In [1]:
import pandas as pd
import numpy as np
from sklearn.model_selection import train_test_split
from sklearn.preprocessing import StandardScaler,LabelEncoder
from imblearn.over_sampling import SMOTE
from xgboost import XGBClassifier
from sklearn.metrics import accuracy_score, classification_report
from collections import Counter
import joblib

In [2]:
# Load dataset
df = pd.read_csv("nutrition_dataset_cleaned.csv")

# Fix duplicate goal columns
if 'Goal_Weight Maintenance' in df.columns and 'Goal_Maintenance' in df.columns:
    df['Goal_Maintenance'] = df[['Goal_Maintenance', 'Goal_Weight Maintenance']].max(axis=1)
    df = df.drop(columns=['Goal_Weight Maintenance'])

# Create new feature: BMI
df['BMI'] = df['Weight'] / (df['Height'] / 100) ** 2

# Merge low-sample categories
df['Breakfast Category'] = df['Breakfast Category'].replace(['yogurt-based', 'egg-based'], 'other')
le = LabelEncoder()
df['Breakfast Category Encoded'] = le.fit_transform(df['Breakfast Category'])

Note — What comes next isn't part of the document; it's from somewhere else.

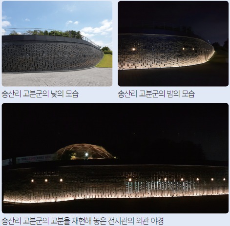무령왕릉은 송산리 고분군에 포함되어 있다. 현재는 실물로 볼 수는 없지만 내부 모습을 재현해놓은 것을 볼 수 있다. 주변의 자연과 공원이 연계되어 새롭게 단장된 깔끔한 주변의 모습이다. 평일 낮이라 그런지 찾는 이들은 없었다. 저녁에는 시원한 바람과 함께 은은한 야경으로 무령왕릉이 친근하게 다가오게 하는 느낌이 들었다. 잠시 쉬어가도 좋을 듯한 저녁의 장소이다.

# Define features and target
X = df[['Age', 'Gender', 'Height', 'Weight', 'Activity_Lightly Active', 'Activity_Moderately Active',
        'Activity_Sedentary', 'Activity_Very Active', 'Goal_Maintenance', 'Goal_Muscle Gain',
        'Goal_Weight Loss', 'Diet_Omnivore', 'Diet_Vegan', 'Diet_Vegetarian', 'BMI']]
y = df['Breakfast Category Encoded']

# Scale numerical features
scaler = StandardScaler()
X[['Age', 'Height', 'Weight', 'BMI']] = scaler.fit_transform(X[['Age', 'Height', 'Weight', 'BMI']])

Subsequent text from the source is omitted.